7

I am trying to do something very simple and I'm having some very stupid struggles. I think it must have to do with a fundamental misunderstanding of what spark is doing. I would greatly appreciate any help or explanation.

I have a very large (~3 TB, ~300MM rows, 25k partitions) table, saved as parquet in s3, and I would like to give someone a tiny sample of it as a single parquet file. Unfortunately, this is taking forever to finish and I don't understand why. I have tried the following:

tiny = spark.sql("SELECT * FROM db.big_table LIMIT 500")
tiny.coalesce(1).write.saveAsTable("db.tiny_table")

and then when that didn't work I tried this, which I thought should be the same, but I wasn't sure. (I added the print's in an effort to debug.)

tiny = spark.table("db.big_table").limit(500).coalesce(1)
print(tiny.count())
print(tiny.show(10))
tiny.write.saveAsTable("db.tiny_table")

When I watch the Yarn UI, both print statements and the write are using 25k mappers. The count took 3 mins, the show took 25 mins, and the write took ~40 mins, although it finally did write the single file table I was looking for.

It seems to me like the first line should take the top 500 rows and coalesce them to a single partition, and then the other lines should happen extremely fast (on a single mapper/reducer). Can anyone see what I'm doing wrong here? I've been told maybe I should use sample instead of limit but as I understand it limit should be much faster. Is that right?

Thanks in advance for any thoughts!

seth127
  • 2,594
  • 5
  • 30
  • 43
  • 1
    Could you check in plan "LIMIT 500" is pushed to table ? – Karthick Sep 06 '18 at 19:46
  • @Karthick Both `spark.sql` and dataframes (e.g. `.limit(500)`) are optimised by the same engine, so shouldn’t be an issue? – dijksterhuis Sep 07 '18 at 07:35
  • I am not concerned over spark.sql and dataframes optimized by same engine, there is no reason read took too long to get 500 records. quick spot on plan in spark ui when it was running will get some direction ( limit applied and only 500 records is what flowing out of table and what is the numpartition on that - parallelism parameter where i expect it to be '1') is what my thought. – Karthick Sep 07 '18 at 08:05

2 Answers2

10

I’ll approach the print functions issue first, as it’s something fundamental to understanding spark. Then limit vs sample. Then repartition vs coalesce.

The reasons the print functions take so long in this manner is because coalesce is a lazy transformation. Most transformations in spark are lazy and do not get evaluated until an action gets called.

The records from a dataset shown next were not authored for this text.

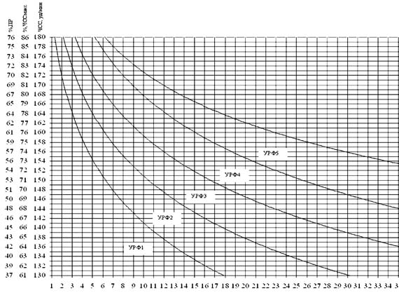 высокий; ПР - пульсовой резерв Это связано с тем, что продолжительные нагрузки аэробного характера из-за перемещения части плазмы из кровеносного русла в ткани и обильного потоотделения вызывают понижение объема крови, вследствие чего венозный возврат в правую часть сердца снижается, обусловливая уменьшение УО. Сниженный УО компенсируется увеличением ЧСС, направленным на поддержание заданной величины МОК [38]. При нагрузках в исследуемом диапазоне интенсивности средние величины "дрейфа" ЧСС за 40-45 мин работы в устойчивом состоянии составляют 8-12 уд/мин. Поэтому необходимо определять границы диапазона интенсивности работы в пределах 10 уд/мин (например, 140-150 уд/мин) и начинать занятие с нижней границы диапазона тренировочной нагрузки. Допустимую продолжительность работы целесообразно также определять для нижней границы выбранного диапазона. Это позволяет величину ЧСС, зарегистрированную в начальный период устойчивого состояния, использовать в качестве надежного критерия физиологической интенсивности нагрузки по крайней мере в диапазоне от 5 до 50 мин. Данная номограмма может быть использована при расчете ФН в любом виде циклических упражнений. Литература 1. Антони Г. Функция сердца // Физиология человека.Т.3 /Под ред. Р. Шмидта и Г. Тевса. - М.: Мир, 1986, с. 44-100. 2. Апанасенко Г.Л., Попова Л.А. Медицинская валеология. - Ростов н/Д.: Феникс, 2000. - 248 с. 3. Аронов Г.Е., Иванова Н.И. Коррекция нарушений иммунного гомеостаза с помощью дозированных физических нагрузок: Обзор литературы // Врач. дело. 1983, № 10, с. 33-38. 4. Аулик И.В. Как определить тренированность спортсмена. - М.: ФиС, 1991. - 102 с. 5. Аэробные упражнения / Виру А.А., Юримяэ Т.А., Смирнова Т.А. - М.: ФиС, 1988. 6. Бундзен П.В., Евдокимова О.М., Унесталь Л.-Э. Современные технологии укрепления психофизического состояния и психосоциального здоровья населения // Теория и практика физ. культуры. 1996, № 8, с. 57-63. 7. Ванюшин Ю.С., Ситдиков Ф.Г. Адаптация сердечной деятельности и состояния газообмена у спортсменов к физической нагрузке // Физиология человека, 1997. Т. 23, № 4, с. 69-73. 8. Васильева В.В., Степочкина Н.А. Мышечная деятельность // Физиология кровообращения: Регуляция кровообращения. - Л.: Наука, 1986, с. 335-365. 9. Голощапов Б.Р., Прокудин Б.Ф. Оптимизация нагрузок при непрерывном беге на этапе предварительной спортивной подготовки // Теория и практика физ. культуры. 1982, № 7, с. 28-29. 10. Дубровинская Н.В., Фарбер Д.А., Безруких М.М. Психофизиология развития: Психофизиологические основы детской валеологии. - М.: Владос, 2000. - 144 с. 11. Зайцева В.В., Сонькин В.Д., Бурчик М.В. и др. Оценка информативности эргометрических показателей работоспособности // Физиология человека, 1997. Т. 23. № 6, с. 58-63. 12. Иващенко Л.Я. Программирование занятий оздоровительной направленности // Теория и практика физ. культуры, 1990, № 1, с. 31-34. 13. Иващенко Л.Я., Круцевич Т.Ю. Методика физкультурно-оздоровительных занятий. - К.: УГУФВС, 1994. - 126 с. 14. Карпман В.Л., Белоцерковский З.Б., Гудков И.А. Тестирование в спортивной медицине. - М.: ФиС, 1988. - 208. 15. Карпман В.Л., Любина Б.Г. Динамика кровообращения у спортсменов. - М.: ФиС, 1982. - 132 с. 16. Корниенко И.А., Сонькин В.Д. "Биологическая надежность", онтогенез и возрастная динамика мышечной работоспособности // Физиология человека, 1999. Т. 25, № 1, с. 98-108. 17. Корниенко И.А., Тамбовцева Р.В., Панасюк Т.В. и др. Индивидуальные особенности соматотипа и энергетика скелет
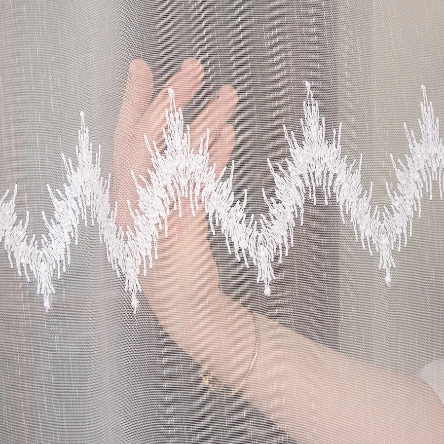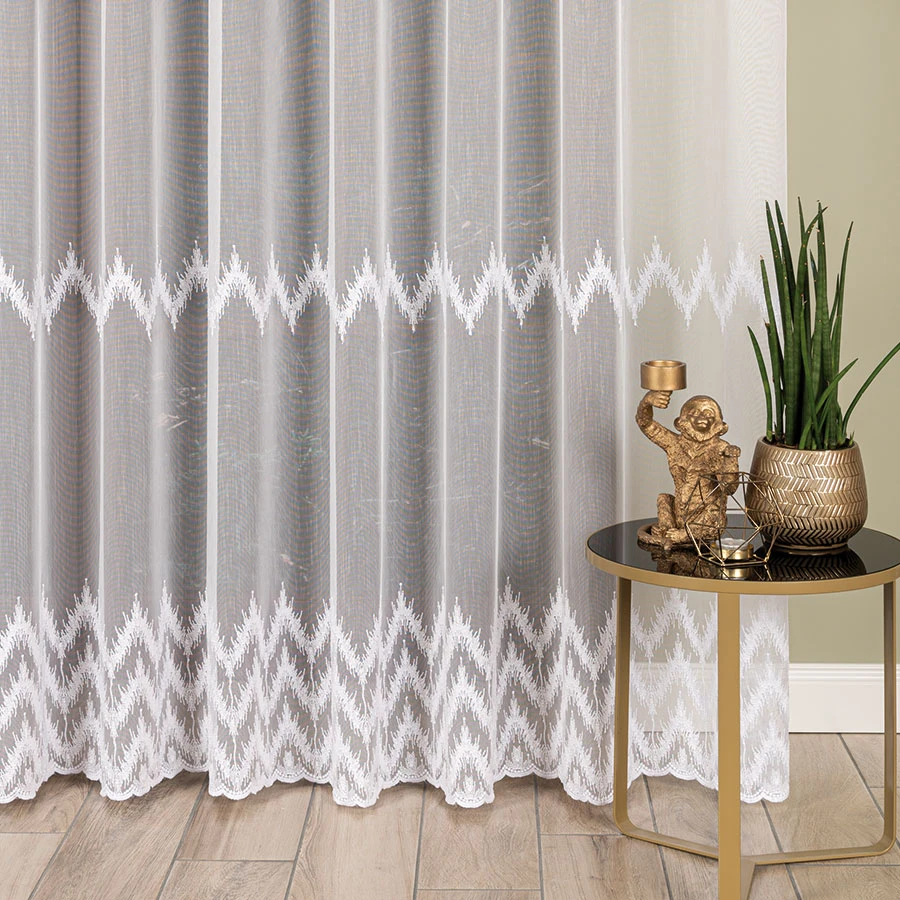Nadaj swojemu wnętrzu subtelny urok i wyjątkowy charakter dzięki firance z delikatnym haftowanym wzorem. Transparentna, lekka siateczka ozdobiona symetrycznym geometrycznym haftem pięknie prezentuje się zarówno w nowoczesnych, jak i klasycznych aranżacjach.
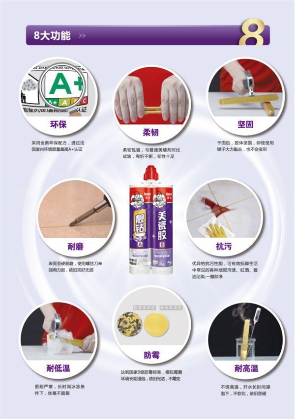 德高靓钻美瓷胶是由环氧树脂聚合物研制而成,具有绿色环保、色彩选择丰富、强效抗污、表面柔韧坚固、防水防霉、容易施工等多种优点,有效解决瓷砖缝发黑发黄、难以清洁的难题。

Actions are things that do stuff and (mostly) dont return a new dataframe as a result. Like count, show. They return a number, and some data, whereas coalesce returns a dataframe with 1 partition (sort of, see below).

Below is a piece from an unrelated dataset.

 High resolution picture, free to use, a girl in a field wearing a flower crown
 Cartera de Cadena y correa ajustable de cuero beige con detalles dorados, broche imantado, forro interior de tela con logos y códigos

What is happening is that you are rerunning the sql query and the coalesce call each time you call an action on the tiny dataframe. That’s why they are using the 25k mappers for each call.

To save time, add the .cache() method to the first line (for your print code anyway).

Then the data frame transformations are actually executed on your first line and the result persisted in memory on your spark nodes.

This won’t have any impact on the initial query time for the first line, but at least you’re not running that query 2 more times because the result has been cached, and the actions can then use that cached result.

To remove it from memory, use the .unpersist() method.

Now for the actual query youre trying to do...

It really depends on how your data is partitioned. As in, is it partitioned on specific fields etc...

You mentioned it in your question, but sample might the right way to go.

Why is this?

limit has to search for 500 of the first rows. Unless your data is partitioned by row number (or some sort of incrementing id) then the first 500 rows could be stored in any of the the 25k partitions.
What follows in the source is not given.